2 named inputs, 2 named outputs

rule rename_multiple_files:
    input:
        file_1="first_file.txt",
        file_2="second_file.txt"
    output:
        file_1="file_1.txt",
        file_2="file_2.txt"
    shell:
        """
        mv {input.file_1} {output.file_1}
        mv {input.file_2} {output.file_2}
        """

Example with trimming reads

Simple

Imagine you want to trim one fastq file (10 base pairs from the beginning, 5 base pairs from the end) using SeqTK. This is what a very simple snakefile could look like:

rule all:
    input:
        "trimmed_reads.fq"

rule trim_fastq:
    input:
        "raw_reads.fq"
    output:
        "trimmed_reads.fq"
    shell:
        """
        seqtk trimfq -b 10 -e 5 {input} > {output}
        """

Chaining rules

Now, imagine the raw reads are compressed. We want to unzip them, trim the reads, and recompress them. You could do this in 1 step, but let’s break it up for the sake of learning. That would look like this:

rule all:
    input:
        "trimmed_reads.fq.gz"

rule unzip_fastq:
    input:
        "raw_reads.fq.gz"
    output:
        "raw_reads.fq"
    shell:
        """
        gunzip {input}
        """

rule trim_fastq:
    input:
        "raw_reads.fq"
    output:
        "trimmed_reads.fq"
    shell:
        """
        seqtk trimfq -b 10 -e 5 {input} > {output}
        """

rule zip_trimmed:
    input:
        "trimmed_reads.fq"
    output:
        "trimmed_reads.fq.gz"
    shell:
        """
        gzip {input}
        """

Which would create a workflow like this:

flowchart LR
  C[zip_trimmed] --> D(all)
  B[trim_fastq] --> C[zip_trimmed]
  A[unzip_fastq] --> B[trim_fastq]

(We will build on this example)

Wildcards

About wildcards

Wildcards are a big part of how we can expand and generalize how our snakemake pipeline works.
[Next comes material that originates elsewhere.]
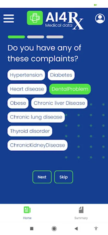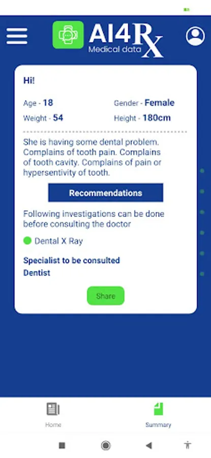 This App helps you to inform the doctor about your medical problems in your language. Our AI generates relevant questions that mimic the way an expert doctor would ask to diagnose before prescribing. A medical summary is generated and guides you to the concerned medical speciality. Further investigations are recommended for quick diagnosis. A patient can communicate the summary to the doctor or specialist for an accurate diagnosis. It also provides you with a second opinion.

Consider a wildcards to be a list of values for which you want to run a snakemake rule multiple times. This is a bit like a for loop:

for value in wildcards: 
    run rule...

Syntax

One wildcard

We can expand a rule using wildcards by expand()ing the input to a rule that requires this rule’s output. For example:

rule all:
    input:
        expand("file_{sample}.txt",
               sample=["1","2","3"])

rule create_file:
    output:
        "file_{sample}.txt"
    shell:
        """
        touch {output}
        """

In this case, Snakemake will create a workflow that looks like this:

flowchart LR
  A[file_1] --> F(all)
  B[file_2] --> F(all)
  C[file_3] --> F(all)

About the syntax

All you need for a wildcard is a list, which you pass to the expand() function. The first argument in the expand function is your filepath string, with the wildcard in {curly brackets}. Then, you pass the list to use for expanding the filepath. In the previous example, the sample=["1","2","3"] defines the values of the wildcard sample in file_{sample}.txt.

Multiple wildcards

This doesn’t have to be sample, and you can have multiple wildcards in an expand() function. Imagine you’re plating a 5-course meal for 3 people - your snakefile would look like this:

course_numbers=["1","2","3","4","5"]
people=["John", "Madi", "Casey"]

rule all:
    expand("course_{course_number}_for_{person}.plate",
           course_number=course_numbers,
           person=people)

rule make_food:
    ouput:
        "course_{course_number}_for_{person}.plate"
    shell:
        """
        make food...
        """

Wildcards to run snakemake rules for each sample

This is a very common use for wildcards! We often use wildcards we want to run the same rules for each sample. This is one of the ways Snakemake starts to shine. If you have a metadata file with 500 sample IDs, you can read that list of sample IDs into Snakemake using Python/Pandas, then run your snakemake pipeline for all samples. This is what that looks like:

import pandas as pd
metadata = pd.read_csv("metadata.csv")
samples = metadata["SampleID"] # Samples are in a column named SampleID

rule all:
    input:
        expand("file_{sample}.txt",
               sample=samples)

rule create_file:
    output:
        "file_{sample}.txt"
    shell:
        """
        touch {output}
        """

Wildcards for parameter exploration

Another common use of wildcards is to explore the effects of using different parameters in your analysis.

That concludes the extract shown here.